Bonning legte seine Affenstirn in nachdenkliche Falten. »Vielleicht weil er verrückt war?«

»Möglich, Boner, aber mit dieser Antwort bist du immer noch nicht für die zweite Runde des Spielchens Führ-die-Bullen-hinters-Licht qualifiziert.«

Es dauerte ungefähr dreißig Sekunden, bis er dämlich grinste. »Witzig. Wirklich witzig, Dallas.«

»Ja, ich habe bereits erwogen, mich nebenberuflich als Komikerin zu versuchen. Aber, um auf meinen Hauptberuf zurückzukommen, ihr beiden habt in deinem tragbaren Labor in der Avenue D irgendwelche Erotika zusammengebraut, und urplötzlich kam Renekee - verrückt, wie er nun einmal war - auf die glorreiche Idee, durch das geschlossene Fenster zu springen, zwölf Stockwerke tiefer auf dem Dach eines Taxis aufzuschlagen, dadurch dem auf der Rückbank sitzenden Touristenpaar aus Topeka einen Heidenschrecken einzujagen, und schließlich sein Hirn auf der Straße zu verspritzen.«

»Mann, war das ein Aufprall«, erklärte Bonning mit einem beinahe ehrfürchtigen Lächeln. »Wer hätte das gedacht.«

Sie hatte nicht die Absicht, ihn wegen vorsätzlichen Mordes dranzukriegen, und wäre bereits zufrieden, liefe die ganze Sache nach Verhandlung mit dem Pflichtverteidiger auf Totschlag hinaus. Drogendealer, die einander an die Gurgel gingen, entlockten Justitia nicht einmal ein erwartungsfrohes Schmunzeln. Sicher säße er wegen des Handels mit illegalen Drogen länger als wegen der von ihm begangenen Tötung. Selbst, wenn man beides zusammennähme, wanderte er bestimmt nicht länger als drei Jahre in den Kahn.

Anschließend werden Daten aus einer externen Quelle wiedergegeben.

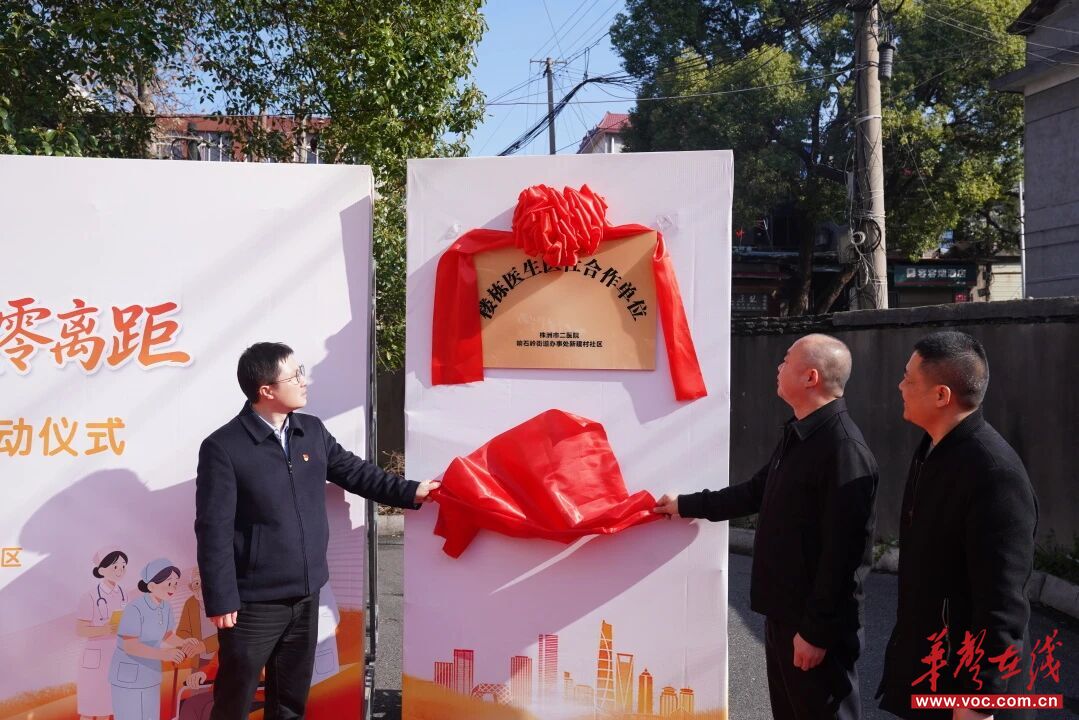 近日,株洲市二医院“楼栋医生”医社合作项目正式落户新建村社区北城欣苑小区。一块“楼栋医生医社合作单位”的牌匾,宣告了这个926人老小区从此有了“专属医靠”。市二医院党委委员、副院长谭英征,石峰区响石岭街道办事处主任郭柱,石峰区卫健局副局长刘杰出席活动并揭牌。
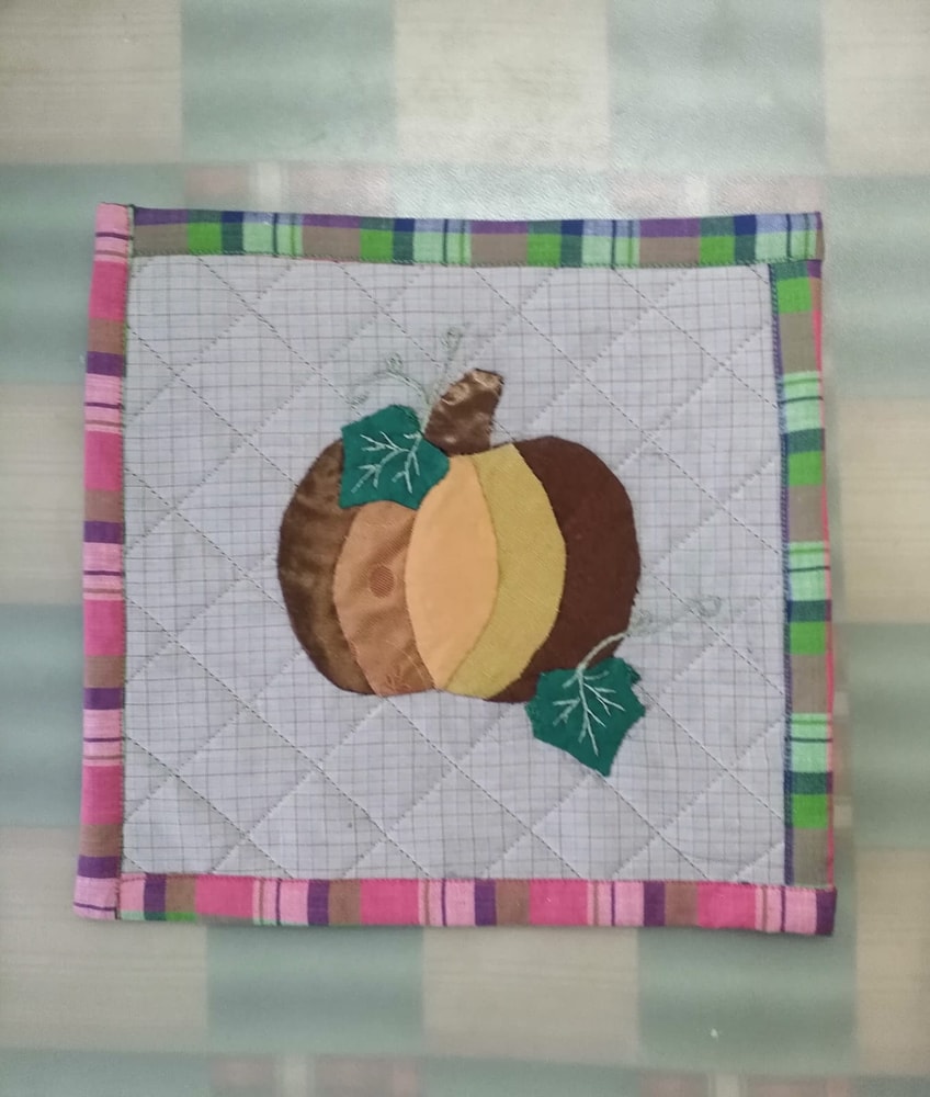 У меня скромненько- салфетка "Тыква" и прихватка "Котик".

Sie kreuzte die Arme auf den Tisch und beugte sich nach vorn. »Boner, sehe ich vielleicht dumm aus?«

Bonning, der die Frage ernst nahm, sah ihr ins Gesicht. Sie hatte große braune Augen, doch ihr Blick war alles andere als weich, und auch ihr hübscher, voller Mund drückte statt warmer Sanftmut kühle Härte aus. »Wie ein Bulle«, stieß er schließlich widerstrebend aus.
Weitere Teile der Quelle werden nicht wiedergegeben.